Decoupling What to Count and Where to See for Referring Expression Counting
Yuda Zou, Zijian Zhang, Yongchao Xu
TL;DR
This work tackles the misalignment between class-centric annotation points and attribute-defining visual regions in Referring Expression Counting (REC). It introduces W2-Net, a dual-query decoder that concurrently reasons about what to count (w2c) and where to see (w2s), enabling explicit attribute-guided localization and improved subclass discrimination. A novel Subclass Separable Matching (SSM) with an exponential repulsive term stabilizes training by reducing inter-subclass ambiguity, yielding state-of-the-art results on REC-8K with substantial reductions in counting error and gains in localization accuracy. The approach demonstrates strong generalization in zero-shot and cross-dataset settings (FSC-147 and CARPK) and highlights the importance of aligning supervisory signals with attribute-defining regions for practical counting systems.
Abstract
Referring Expression Counting (REC) extends class-level object counting to the fine-grained subclass-level, aiming to enumerate objects matching a textual expression that specifies both the class and distinguishing attribute. A fundamental challenge, however, has been overlooked: annotation points are typically placed on class-representative locations (e.g., heads), forcing models to focus on class-level features while neglecting attribute information from other visual regions (e.g., legs for "walking"). To address this, we propose W2-Net, a novel framework that explicitly decouples the problem into "what to count" and "where to see" via a dual-query mechanism.
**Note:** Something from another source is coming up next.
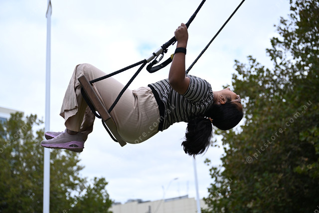 Wyndham installed a massive swing at Station Place in Werribee. Pic of Aadya (12). Photo by Damjan Janevski. 468179_06

Specifically, alongside the standard what-to-count (w2c) queries that localize the object, we introduce dedicated where-to-see (w2s) queries. The w2s queries are guided to seek and extract features from attribute-specific visual regions, enabling precise subclass discrimination. Furthermore, we introduce Subclass Separable Matching (SSM), a novel matching strategy that incorporates a repulsive force to enhance inter-subclass separability during label assignment. W2-Net significantly outperforms the state-of-the-art on the REC-8K dataset, reducing counting error by 22.5% (validation) and 18.0% (test), and improving localization F1 by 7% and 8%, respectively. Code will be available.